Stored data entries
+ + + + + + +

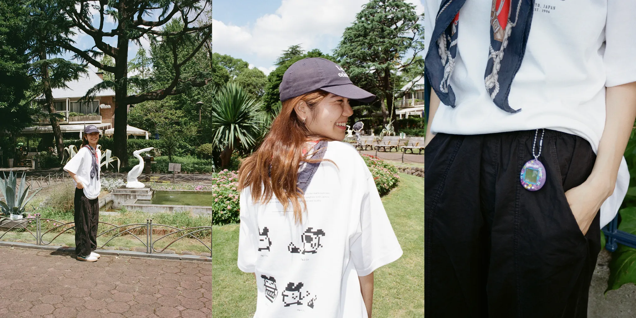 Tomoe:日本のアニメや漫画やゲームのカルチャーをお洒落にファッションに落とし込んでたりしていて、すごくいいなと思う!XGは私達の世代で好きな人が多いと思うから、たまごっちのコラボレーションは「懐かしい!欲しい!」という気持ちをうまくくすぐっているなと思った。あとは小さい頃に慣れ親しんだたまごっちが、またブームを起こしていて時代が回っていることを実感した!
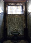 Petite chapelle baptismale surmontée de la Porte saint Jean-Baptiste et pourvue de fonts baptismaux en marbre.
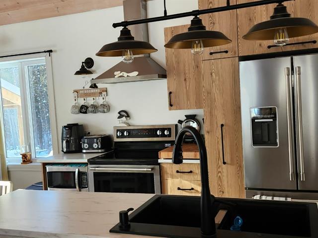 Très jolie propriété, agréable, éclairée, offrant un bel espace de vie en communion avec la nature. Secteur humide à l'arrière limitant la construction. Grand solarium 12 x 24 constituant une pièce d'été, idéale pour cuisinier aimant recevoir. Grande salle de bain avec bain et douche. Mezzanine utilisée comme bureau mais qui pourrait aussi devenir une chambre. Construction 2020. Grand garage 20 x 20 avec deux extensions pour remisage (7 X 14 et 7 X 16). Toit de tôle. Secteur calme et homogène. Bon esprit de voisinage et d'entraide. (40208037)
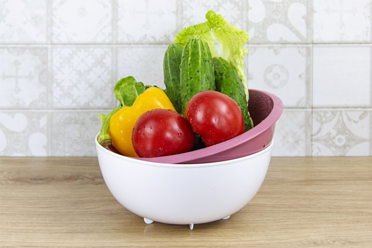Крупные отверстия в чаше для слива позволяют быстро мыть фрукты и овощи. Крупу промывать нельзя!
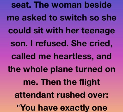 The flight attendant arrived like a referee. “Ma’am, you have one minute to decide or we’ll have to escalate.”
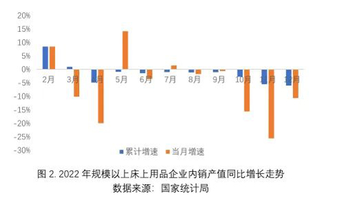 从出口情况看,2022年我国出口床上用品135.47亿美元,同比下降15.46%。其中美、欧、日传统市场下降明显,东盟市场仍保持较高水平增长。从内销情况看,床上用品受国内疫情影响,市场消费动力总体偏弱,传统销售旺季营业额较上年下滑较为明显。国家统计局统计的1095家床上用品企业2022年内销产值同比下降6.02%。

+ + + + + + +

### EXERCISE OBJECTIVE
The entries are to be reproduced exactly, excluding any pictures they contain.

### TASK SOLUTION
 Tomoe:日本のアニメや漫画やゲームのカルチャーをお洒落にファッションに落とし込んでたりしていて、すごくいいなと思う!XGは私達の世代で好きな人が多いと思うから、たまごっちのコラボレーションは「懐かしい!欲しい!」という気持ちをうまくくすぐっているなと思った。あとは小さい頃に慣れ親しんだたまごっちが、またブームを起こしていて時代が回っていることを実感した!
 Petite chapelle baptismale surmontée de la Porte saint Jean-Baptiste et pourvue de fonts baptismaux en marbre.
 Très jolie propriété, agréable, éclairée, offrant un bel espace de vie en communion avec la nature. Secteur humide à l'arrière limitant la construction. Grand solarium 12 x 24 constituant une pièce d'été, idéale pour cuisinier aimant recevoir. Grande salle de bain avec bain et douche. Mezzanine utilisée comme bureau mais qui pourrait aussi devenir une chambre. Construction 2020. Grand garage 20 x 20 avec deux extensions pour remisage (7 X 14 et 7 X 16). Toit de tôle. Secteur calme et homogène. Bon esprit de voisinage et d'entraide. (40208037)
Крупные отверстия в чаше для слива позволяют быстро мыть фрукты и овощи. Крупу промывать нельзя!
 The flight attendant arrived like a referee. “Ma’am, you have one minute to decide or we’ll have to escalate.”
 从出口情况看,2022年我国出口床上用品135.47亿美元,同比下降15.46%。其中美、欧、日传统市场下降明显,东盟市场仍保持较高水平增长。从内销情况看,床上用品受国内疫情影响,市场消费动力总体偏弱,传统销售旺季营业额较上年下滑较为明显。国家统计局统计的1095家床上用品企业2022年内销产值同比下降6.02%。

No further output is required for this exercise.